Ecommerce Wars: Rakuten vs. Amazon Japan
When thinking about Japan’s e-commerce market, 3 major company names immediately spring to mind; Yahoo! Shopping (Lohaco), Amazon and Rakuten.
Rakuten has primarily been the frontrunner of the 3 in terms of e-commerce sales, perhaps due to their Rakuten Super Points scheme. The loyalty program rewards customers with points for using all the different services they provide – points that can also be redeemed on any of their services. However, innovative companies such as Amazon have successfully fulfilled customer needs by incorporating internet technology to their strategies.

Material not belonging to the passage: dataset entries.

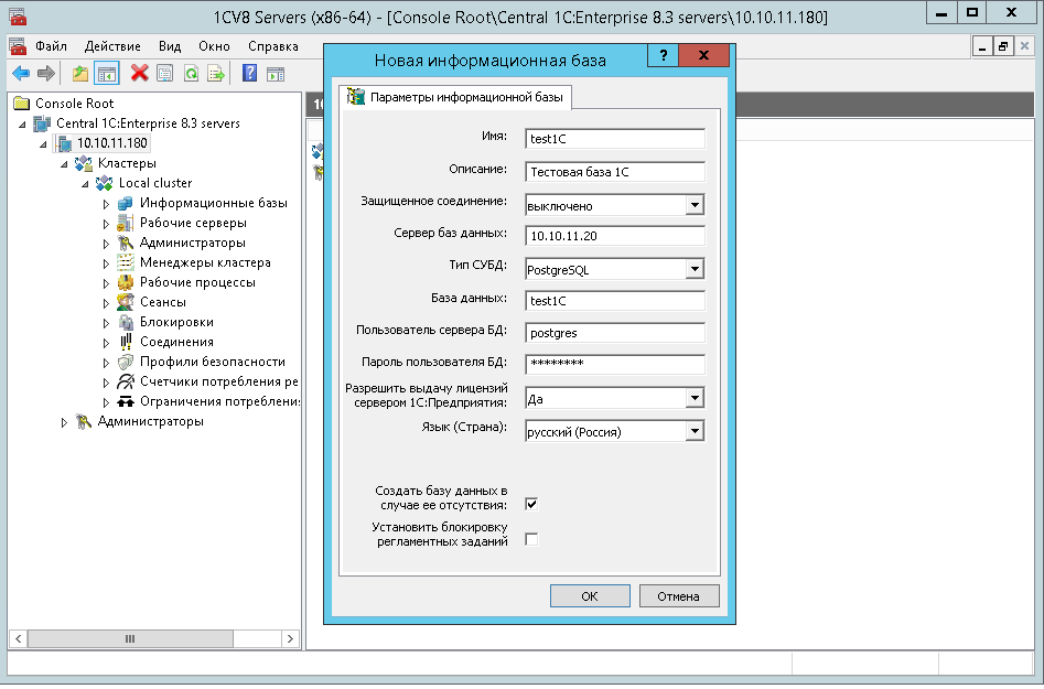 При необходимости можно отметить пункт «Создать базу с случае ее отсутствия»
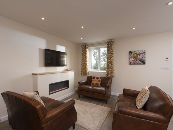 - Three leather sofas, wall mounted flat screenSmart TV with Smart TV
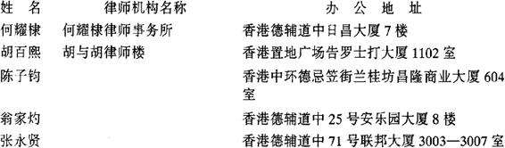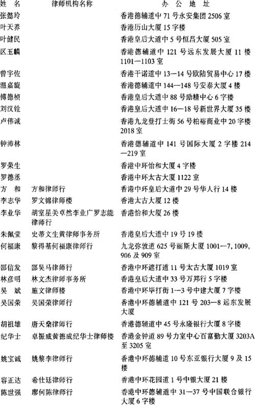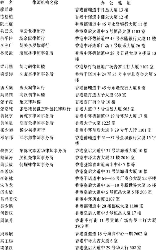 司法部委托办理公证事务的香港律师名单

Recently Amazon Japan has increased its Japanese marketplace presence thanks to its superior logistics capabilities and focus on price and convenience. Although Amazon Japan has not taken much of Rakuten’s market share of sales, they have replaced a lot of Lohaco’s.
More recent reports suggest that Amazon.co.jp achieves 15.3M visitors a day whereas Rakuten receives 7.01M – suggesting that Amazon’s site is fast becoming more popular in Japan. Those wanting to expand their business into Japan should certainly investigate whether Amazon.co.jp may be the best marketplace to sell on. Amazon has also invested in setting up a network of distribution centres within Japan which will prevent vendors and sellers who do not have established distribution, logistics and marketing teams overseas from struggling with the lack of resources that those who sell on Rakuten might find.
Since Rakuten allows its merchants full control over their products on their site, if international merchants are unaware of cultural differences, they may find themselves unable to establish their brands properly within the Japanese market. For example, since more than 99% of Japan’s population only speak Japanese, it is necessary for a brand to have in-depth translation on their site.